Vor allem Kinder sind Schlafwandler

Rund 15 bis 30 Prozent aller Kinder schlafwandeln mindestens einmal in ihrem Leben. Nach dem 10. Lebensjahr nimmt die Schlafstörung in der Regel ab und endet in den meisten Fällen spätestens mit der Pubertät. Die Ursachen dafür sind nicht belegt. Mit grosser Wahrscheinlichkeit spielen genetische Faktoren eine Rolle: 80 Prozent der Betroffenen haben sehr nahe Verwandte, die darunter leiden oder gelitten haben. Auch Stress kann dafür verantwortlich sein, wie etwa die Einschulung oder eine Übernachtung auswärts. Bei Erwachsenen kann Schlafwandeln unabhängig von anderen Schlafstörungen auftreten. Nicht selten in Verbindung mit Atembeschwerden oder unkontrollierten Beinbewegungen im Schlaf. Zudem können übermässiger Alkoholkonsum, Schlafmangel, Stress oder psychische Belastungen eine solch unruhige Nacht fördern. «Die Ursachen dafür sind völlig unterschiedlich», sagt Janssen. Umso wichtiger sei es deshalb, dass erwachsene Schlafwandler einen Arzt aufsuchen.

Was tun bei Schlafwandeln

Schlafwandeln kann für Angehörige unangenehm sein, gerade für Lebenspartner, die mit den Betroffenen im selben Bett schlafen. Eine Gefahr aber stellen Schlafwandler nur für sich selbst dar. Je besser jemand über seine nächtlichen Aktivitäten Bescheid weiss, desto besser kann er sich davor schützen. «Überlegen Sie sich, was Ihnen im Schlaf gefährlich werden könnte und treffen Sie Ihre individuellen Sicherheitsvorkehrungen», empfiehlt Janssen. Zerbrechliche Gegenstände oder Hindernisse am Boden etwa sollte man wegräumen, insbesondere aus dem Schlafzimmer. Auch ist es ratsam, vor dem Schlafengehen Haus- und Balkontüren mit dem Schlüssel zu schliessen und die Schlüssel zu verstecken.

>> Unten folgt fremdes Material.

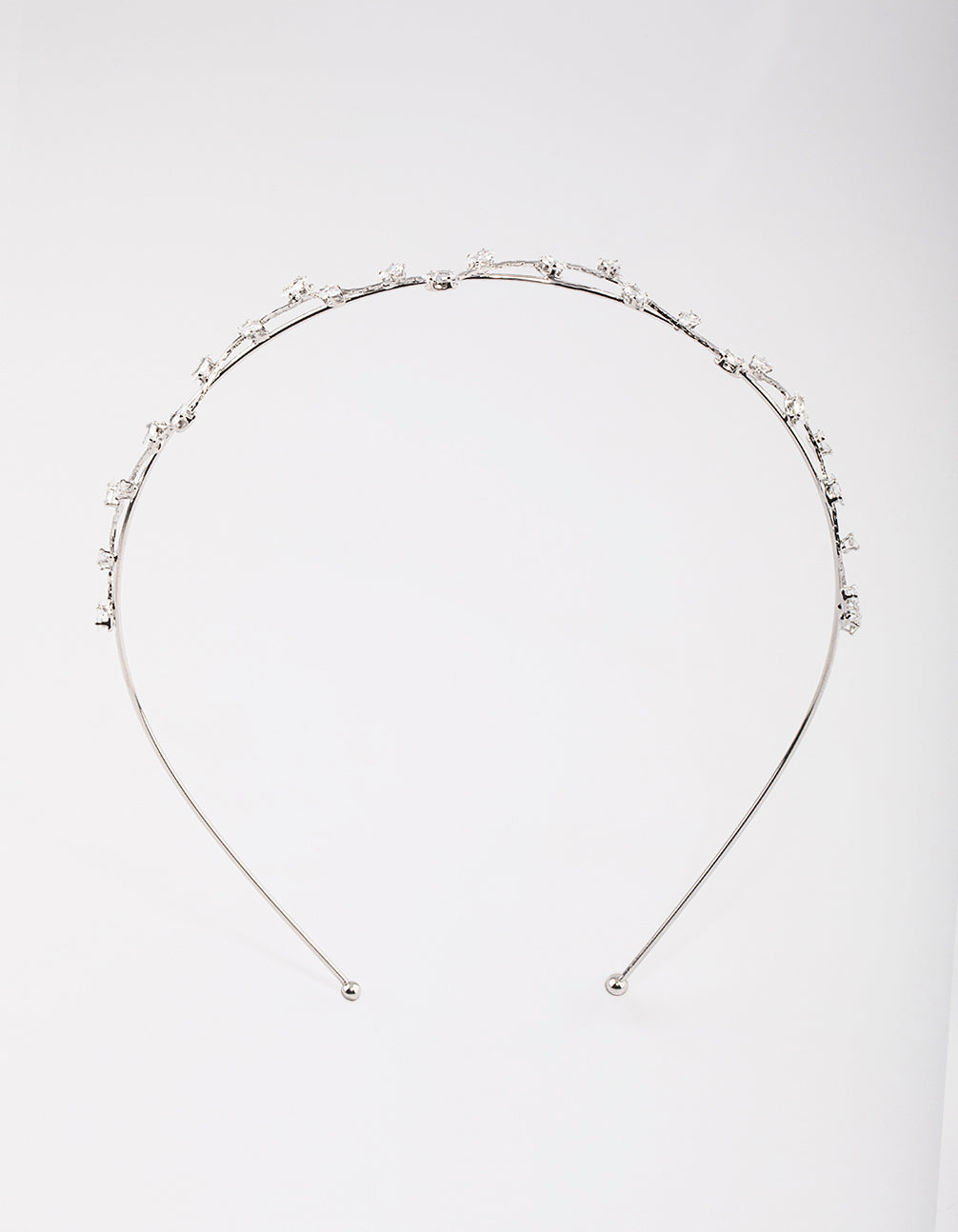 - This dainty headband features a gold setting and vine design, encrusted with delicate cubic zirconia crystals for a feminine touch.
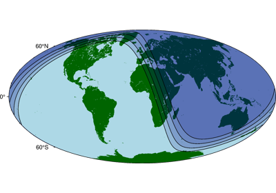 This method plots the day-night terminator. Alternatively, it can plot the terminators for civil twilight, nautical twilight, or astronomical twilight.
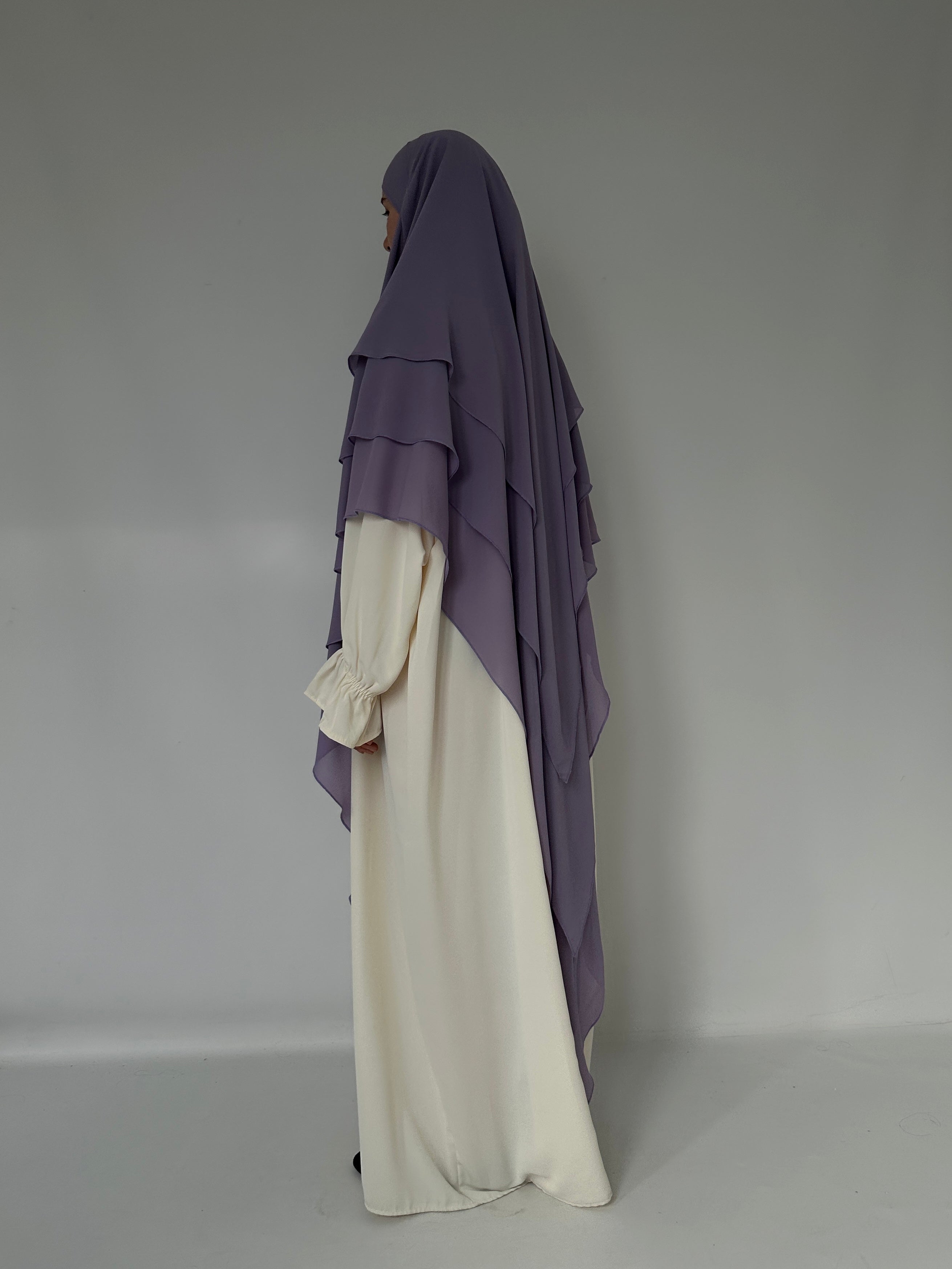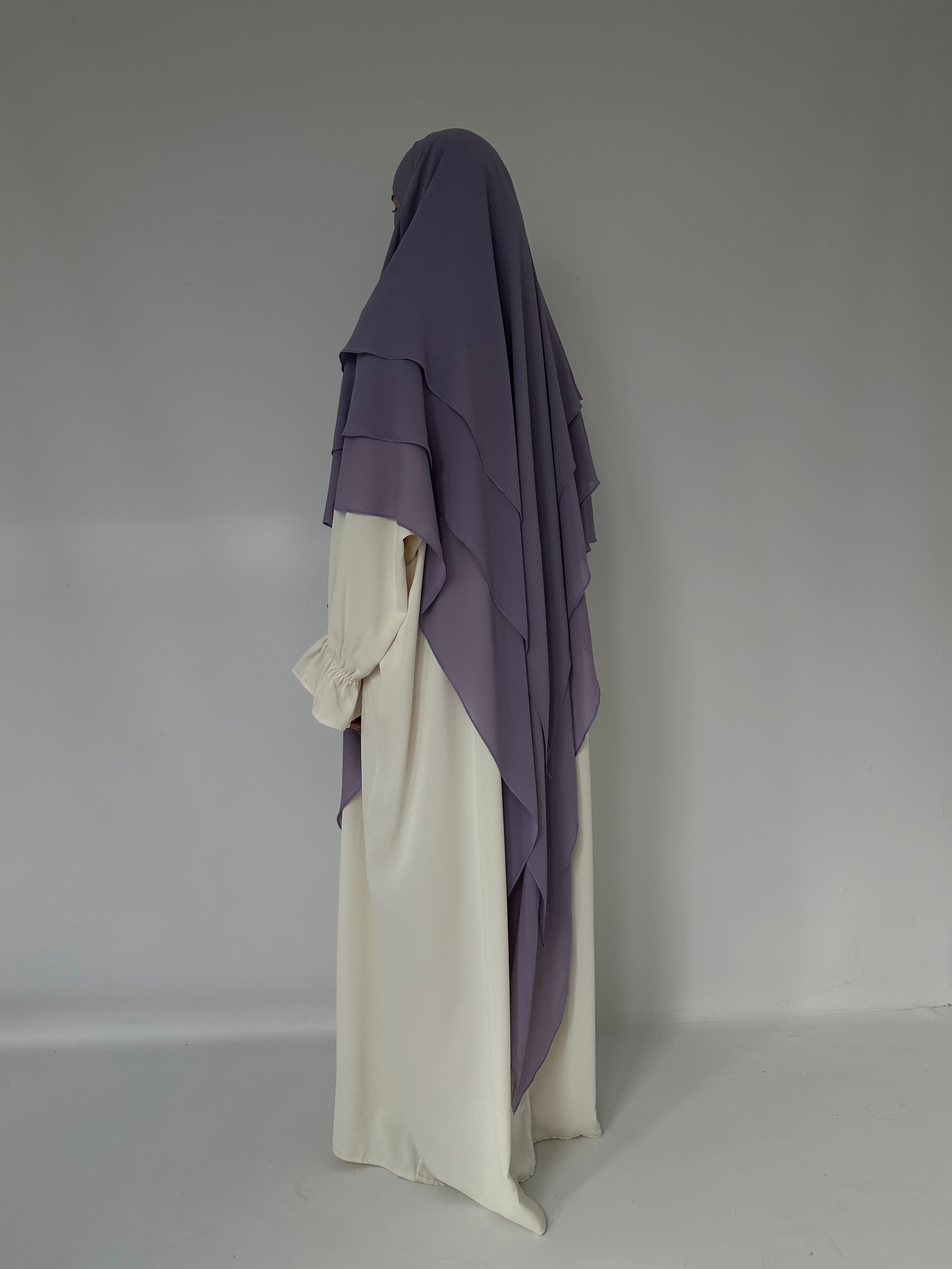 Three-layer lavender muslin khimar
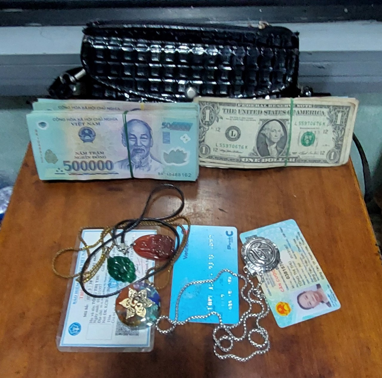 Tiếp viên đã báo cáo sự việc, trưởng tàu cùng với bảo vệ trực tiếp xuống tại toa số 5 tiến hành kiểm tra phát hiện trong túi có các giấy tờ tuỳ thân. Ngoài ra, trong túi còn có 72,3 đồng, 3 USD Mỹ, 1 dây chuyền màu vàng gắn mặt đá, 1 dây chuyền màu trắng gắn mặt màu trắng, 1 dây chuyền gắn mặt màu nâu, 1 hạt đá màu xanh.
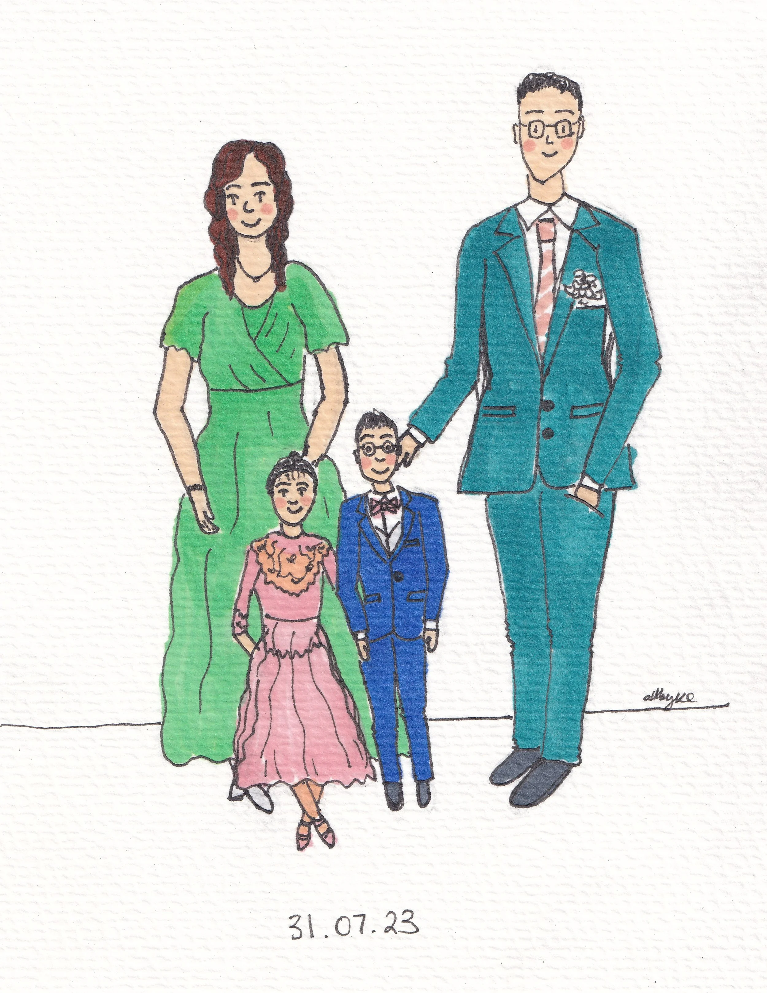 We aim to draw individuals in 10 mins, I can draw couples in 15mins (this is always dependent on outfits and group sizes)
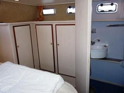 Achterkabine mit freistehendem französischem Doppelbett und Schränken sowie die Nasszelle mit Waschtisch, Dusche und WC
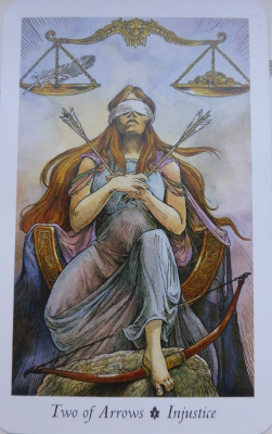 At the same time I kept getting the Two of Arrows – Injustice card in the Wildwood Tarot. It pictures the figure of Justice enthroned and blindfolded with two arrows crossed across her heart and her foot on a bow. Above her is a set of scales with a feather on one and a pile of coins on the other.
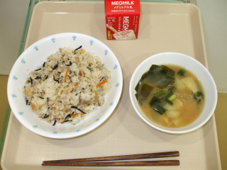 さばの炊き込みご飯・じゃが芋の味噌汁

Umgang mit Schlafwandler: nicht wecken – reden

«Nur bei akuter Gefahr aufwecken», rät Daniela Janssen, «und das Licht nicht einschalten.» Was helfen kann: reden. «Legen Sie der Person nahe, zurück ins Bett zu gehen.» Dasselbe gelte mit dem Anfassen: «Kündigen Sie Ihre Handlungen immer vorher an», betont die Expertin, etwa mit Aussagen wie «ich nehme deine Hand und bringe dich zurück ins Bett.» Dadurch wird verhindert, dass die Betroffenen aufwachen. «Werden Schlafwandler geweckt, reagieren sie meistens sehr verwirrt, teilweise auch aggressiv», warnt Janssen. Bei Kindern können auch bestimmte Rituale vor dem Einschlafen helfen: «Lesen Sie jeden Abend eine Gute-Nacht-Geschichte vor, damit sich Ihr Kind besser an den Tag-Nacht-Rhythmus gewöhnen kann und zur Ruhe kommt.»

Checkliste für Schlafwandler

  • Verriegeln Sie vor dem Einschlafen Türen und Fenster.
  • Entfernen Sie zerbrechliche Gegenstände und Stolperfallen aus Ihrem Schlafzimmer.
  • Schlafen Sie genügend – auch ein Nickerchen am Tag kann helfen.
  • Vermeiden Sie starke körperliche oder psychische Belastungen.
  • Verzichten Sie auf Radio und Fernseher im Schlafzimmer.